USA and Australia are not ran by a monarch who can make decisions for every branch of government. The democratic system leads to all kinds of red tape issues, from the USA export licenses and now environmental concerns, Oz in developing their reserves. It’s not as simple as you make it out to be where they can just “step in” and replace other suppliers. The scenarios you share are very unrealistic, irrespective of any Western love or hate for Arabs.

Anonymouse
Anonymouse
6 years ago
Reply to  Saleem

Western hate? Interesting perspective, if grossly simplified. I’d that it is more a case of shared interest and values – it is in everyone’s interest to keep the Saudis reigned in and split the power in Persian Gulf. Yep, red tape can be an issue, still, I’d take the system above over a dictator any day – with one guy, when you get a dud, well, what do you do about it? Yes, you could pull a ’77 or’95, but coups lead to instability, which is at least as much of a problem as red tape. How many dud leaders has Qatar had since independence? 50% is my reading – and how does the system deal with losers? That is the problem that there is no easy solution for.

Saleem
Saleem
6 years ago
Reply to  Anonymouse

Wtf does your opinion about which mode of governance is better have to do with what I said?

For certain things such as exploiting natural resources, a single decision maker with broad powers can be more “efficient” in the sense that they can agree to developing an entire project in a day. They are not accountable to anyone so they don’t have to “wait” for approvals. Whether this “efficiency” entails other destructive factors for a society is not what the buyers of the commodity are concerned with, and history reveals plenty examples of exactly this.

Anonymouse
Anonymouse
6 years ago
Reply to  Saleem

If the decision maker proves to be correct. You have made a bold claim on history providing examples without providing any examples. I will wait for them before I reconsider your belief.

My opinion as to the weakness of the single-decision makers is as relevant as your opinion on so-called Western hate. Not directly related to the question at hand, but felt to be relevant as commodity buyers like stability,and dictatorships are relatively unstable.

Saleem
Saleem
6 years ago
Reply to  Anonymouse

Dude do I really need to state the obvious every time I comment? Obviously if the leader is “incorrect” this will have major negative implications, and what “Western hate” are you on about? I said regardless if the West loves or hates Arabs, it doesn’t matter, they are forced to engage with most of them commercially.

Anonymouse
Anonymouse
6 years ago
Reply to  Saleem

Wtf Dude!? Bold statements need strong evidence, all that jazz – no such thing as obvious. Particularly when dealing with anonymous interneters.

Saleem
Saleem
6 years ago
Reply to  Anonymouse

Suharto, Saddam etc., are a few of the many brutal dictators/regimes that had strong commercial dealings with the West, this is not my opinion, these are facts.

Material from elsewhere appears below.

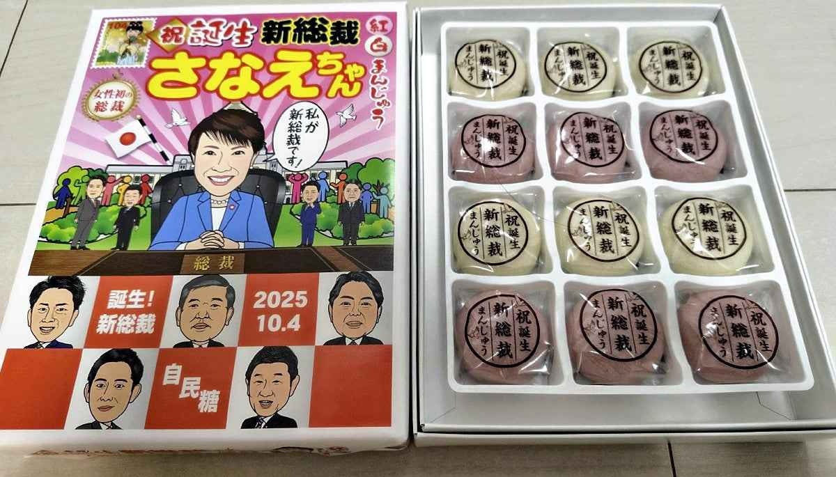 ホテル経営などを手掛ける奈良市の「ワールド・ヘリテイジ」は17日、パッケージに高市氏の似顔絵を描いた紅白まんじゅう(1箱税込み900円)を発売。当初用意した1680箱は10月中に売り切れたという。

The fact that you need me to cite such historical examples to you to substantiate my earlier comments makes me realize I am wasting my time here.

Anonymouse
Anonymouse
6 years ago
Reply to  Saleem

My, you are an impatient and short-tempered one today, aren’t you? Maybe try a cup of a cup of tea, it always improves my mood. What I was looking for were examples of Gulf dictators moving quickly to close a project in a ‘day’, as you alluded to in your earlier statement. Common experience would say that this is very uncommon and that the decision making is as opaque and cumbersome as anywhere else. These gentlemen are as beholden to special interests within their society as much as anywhere else, perhaps more so.

Saleem
Saleem
6 years ago
Reply to  Anonymouse

Not “closing a project” in a day, but giving the go ahead and acquiring approvals to do a project. You don’t have to look very far, take Qatar for instance. If QP found some way of extracting more energy resources that would destroy the local environment, it doesn’t matter, with a signature and a stamp they can go ahead with project, nobody will hold QP accountable for their pollution/destruction, and they can go ahead with selling their products.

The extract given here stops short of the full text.